Stark took it and put it on, feeling a great number of eyes watching him. “Where’s Balin?”

“Out with some others, rounding up refugees. Some got away that were not from our Quarter, and he thought they might be useful.”

“Every man helps.” He smiled briefly. “Yes, even he.” Thanis was looking at Lugh in a way that should have felled him on the spot. Lugh bore it patiently, without resentment, and presently Thanis shrugged and dropped her gaze.

“I suppose you’re right,” she said. “We’re all here together, now.”

Stark said, “Yes.” He put his hands on the boss of Camar’s belt and turned and looked at the people who were gathered there inside the great circle of stone. He looked up at the pass high above them, with the long rays of the sun touching the icy rocks to flame so that it burned as it had when he first saw it, with the sullen fires of hell, and it seemed to him that the wind that blew down from it carried a hint of strangeness that plucked at his nerves. He remembered with a sudden and shocking vividness how the talisman had glowed between his hands, and how from somewhere far away the tiny unhuman voices had spoken.

He clenched his hands firmly around the boss and walked to the center of the ring, where a kind of altar had been made by piling together some of the fallen stones. He stood on this and called to the people, and while they came closer to hear him he watched the smoke rise up from Kushat and thought of Ciaran and the lash and the dark axe, and hardly at all of night-black hair and white skin and a beautiful woman’s face.

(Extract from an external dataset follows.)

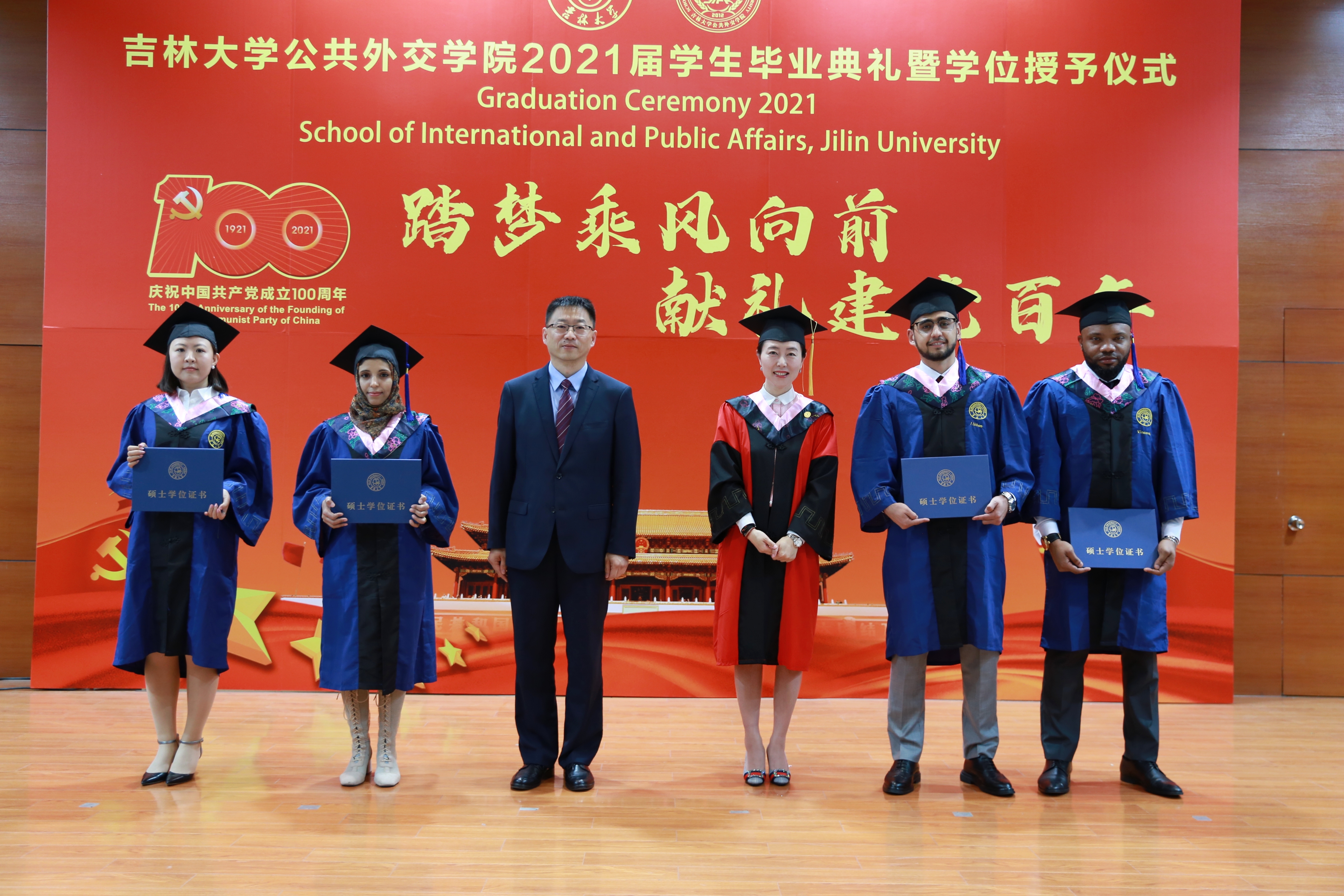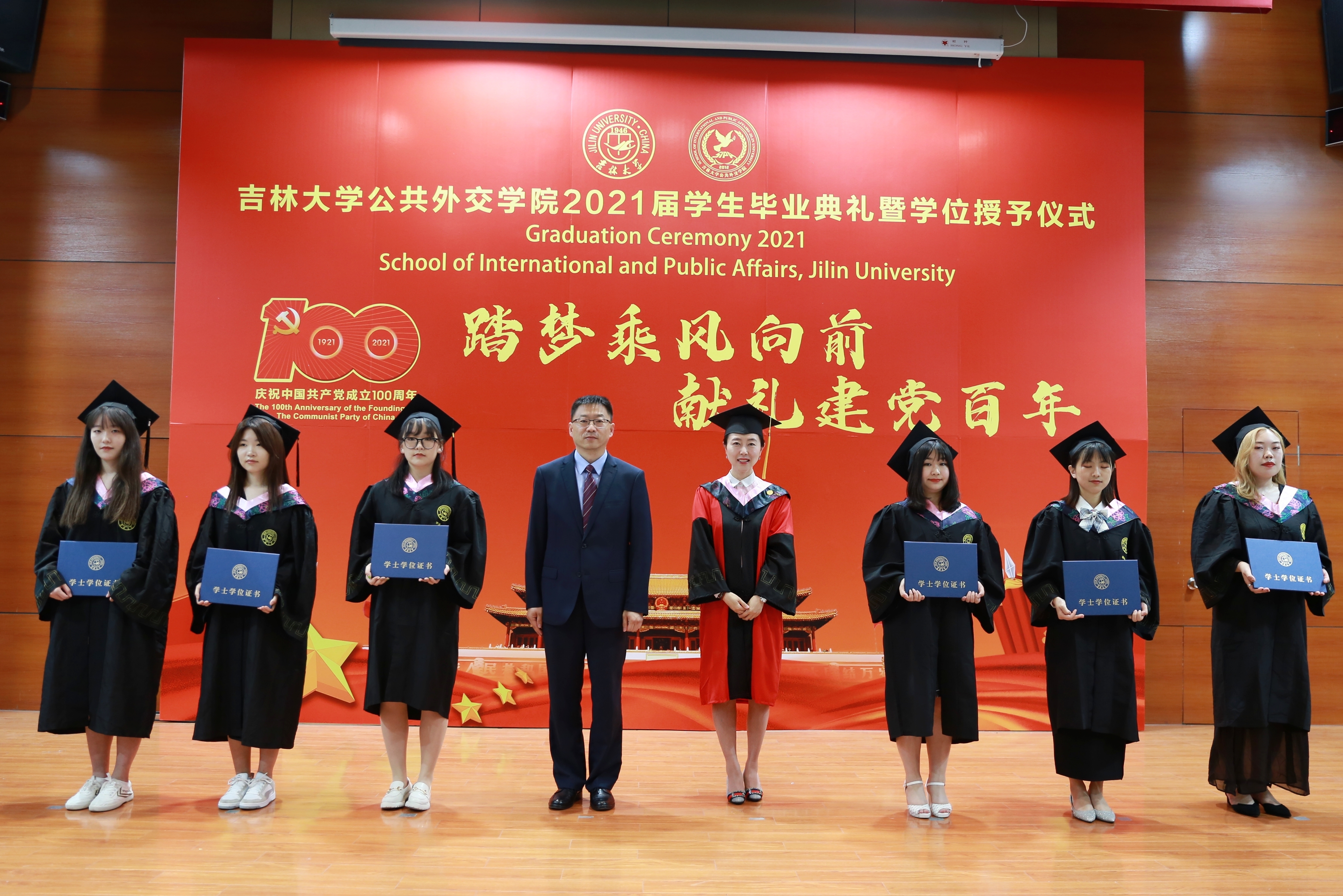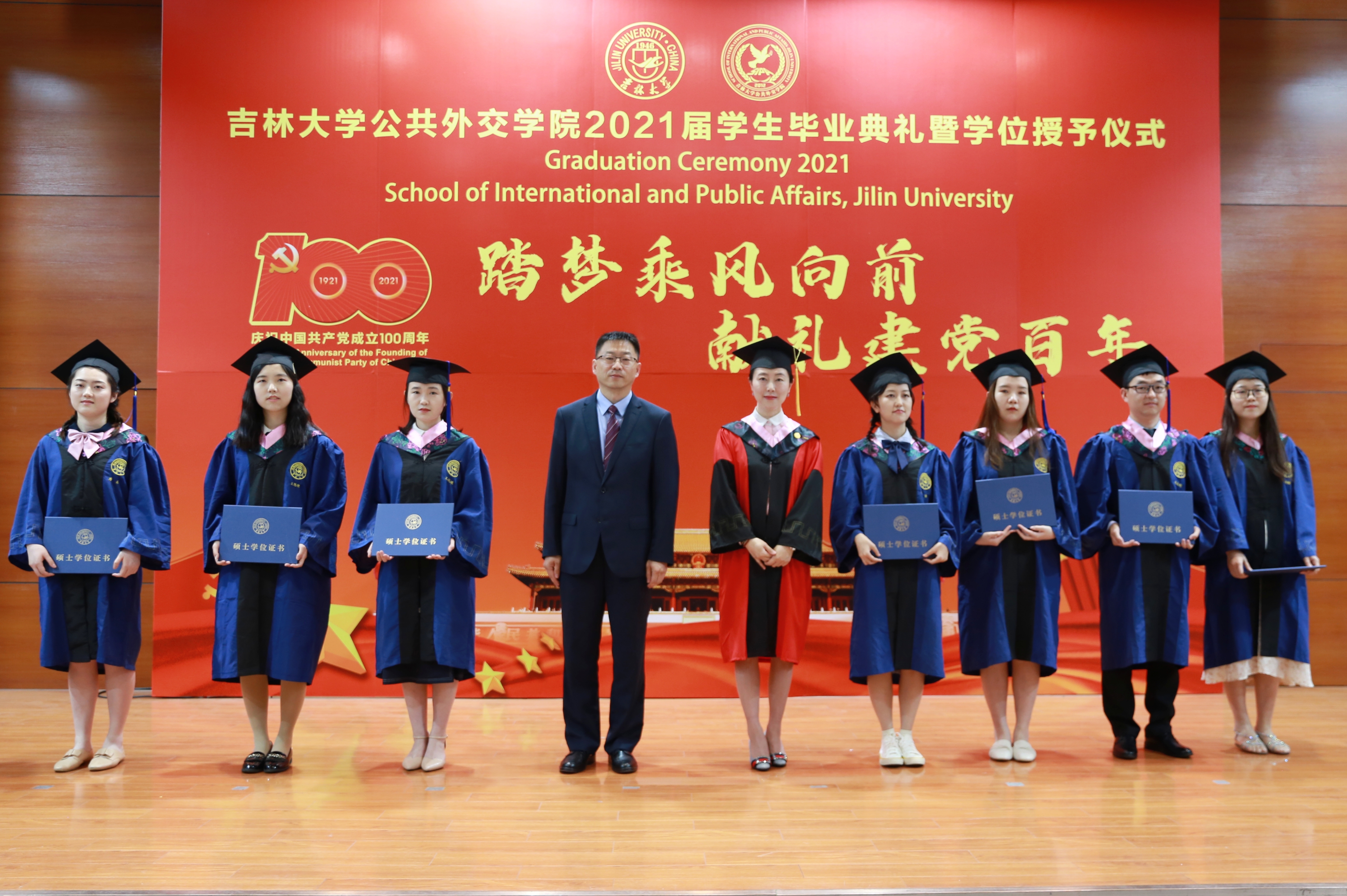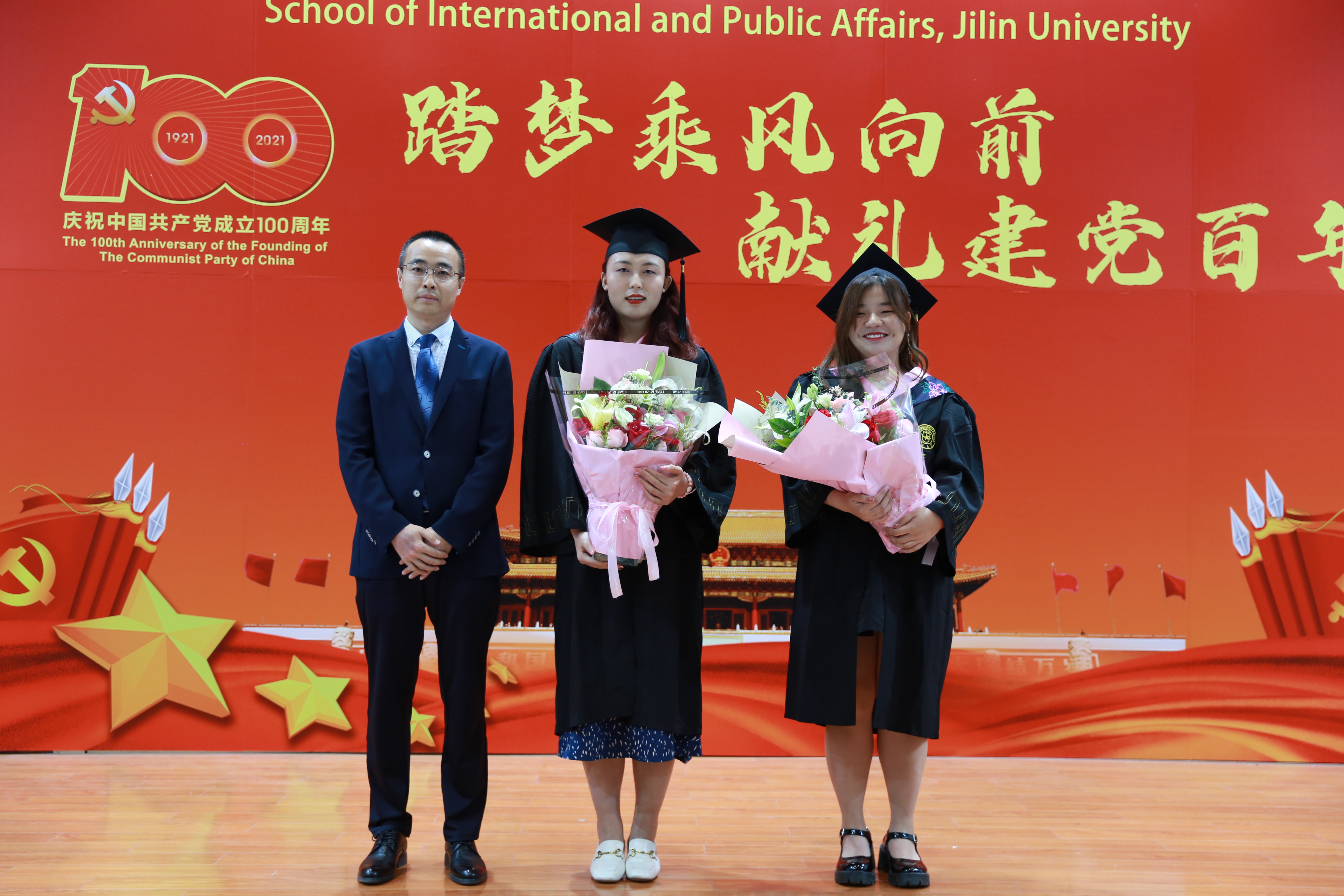 随后,主持人分别宣读了外交学专业本科生、硕士研究生毕业生名单和国际关系专业博士、硕士职工毕业生名单。今年共有37名本科生、13名硕士研究生以及来自7个国家的20名职工顺利毕业。在激昂振奋的音乐声中,全体到场毕业生一一上台,肖晞经理为他们拨动流苏,杨民书记为他们颁发学位证书,并和同学们合影留念。拨穗正冠,学有所成;跃入人海,逐光而行。一张张青春的脸庞神情庄重又难掩激动;一个个青春的身影在骊歌声中逐光趱程。
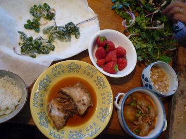 この所主人が毎日のように防風を取りに行って来ます。一時絶滅寸前になったために、今では取りに来る人がいないらしいのです。防風の白い茎だけを使った酢味噌和え。絶品です。(右端)防風の天ぷら。四国の真鯛の煮つけ。新野菜のトマトスープ(グリンピース、新じゃが、新玉ねぎ)近くの苺農園の苺。 何もかも伸びる季節、すべての物がおいしいですね。

He said aloud to the people, “Most of you know that the talisman of Ban Cruach was stolen by a thief named Camar.”

They did, and said so, and many of them cursed his name. And some others said, in an ugly mood, “Who are you, outlander, to be talking about the talisman?”

Two of the men that Stark had seen in the taverns on the night before the attack climbed up on the altar beside him. “Balin vouches for him,” they said. “And he has something to say that you would do well to listen to.” They sat down on the top of the altar, their knives bare in their hands.

Stark went on. “I was a friend of Camar. He died on his way here, to return that which he had taken. Because I owed him a debt, I finished the journey for him.”

He opened the boss, and took from it the bit of crystal wrapped in silk.

“Most of you knew, or guessed, that the so-called talisman in the shrine was only a piece of glass put there by the nobles to hide the loss.” He waited until the angry growl had quieted, and then he held up his hands, with the crystal cupped between them. And he said, “Look now at this.”

He laid back the covering of silk. The level sunlight struck against the crystal, and it seemed to draw the light, to feed on it, to suck it down and down into its many facets until each one glowed with a separate radiance. Stark caught his breath sharply and held himself rigid, watching the crystal brighten into a small sun between his hands. It was warm now. It dazzled his eyes.